# Tesco/Tunnel - one way



## Rapide561 (Oct 1, 2005)

Hi

Just to let you know that it is not possible to book Calais to Folkestone as a one way crossing. They can at present book singles Folkestone - Calais and also returns. 

I like to go out on the boat and back via the tunnel. All my P&O crossings reflect this, so now I need to amend them all! 

Russell


----------



## teemyob (Nov 22, 2005)

*Amend*

Hello Russel,

I understand this P&O Charge to be £10. However, I have just amended a Hull - Zeebrugge crossing and they charged me £30!. They insisted and would not budge.

Let me know how you go on?

Trev.


----------



## Rapide561 (Oct 1, 2005)

*Amendment fee*

Hi Trev

I booked the Club Lounge for each crossing at a cost of £12. This gives you somewhere quiet to sit, a cuppa and so on.
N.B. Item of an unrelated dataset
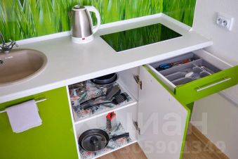 Оборудованная кухня (холодильник, варочная панель, микроволновая печь, чайник).

It also allows free amendments to your crossings.

All sorted now - P&O now the operator for Ca-Do, with Eurotunnel for Ca-Fo.

Eurotunnel said it was due to the fact the offer was only for UK residents.

I will have a feww crossings for sale I think (sale aswell as sail)

Russell


----------



## carol (May 9, 2005)

Russel out of curiosity how much does the one-way tunnel crossing cost you with your Tesco card vouchers.

Carol


----------



## Rapide561 (Oct 1, 2005)

*Tunnel*

Hi Carol

My crossing on Saturday 29th is £73 for a departure at 20.20. I will however try to get away two hours earlier than that.

All the others are pre booked at £61.

Russell

Ferries were mostly £31.25 and £37.50

Russell


----------



## carol (May 9, 2005)

Thanks Russell..... I too had come across the no one way ticket when trying to book something back from Calais when we pick up the new motorhome, and was curious....as I am saving my vouchers up for 2009 as we have bought 2008 crossings.... 

Carol


----------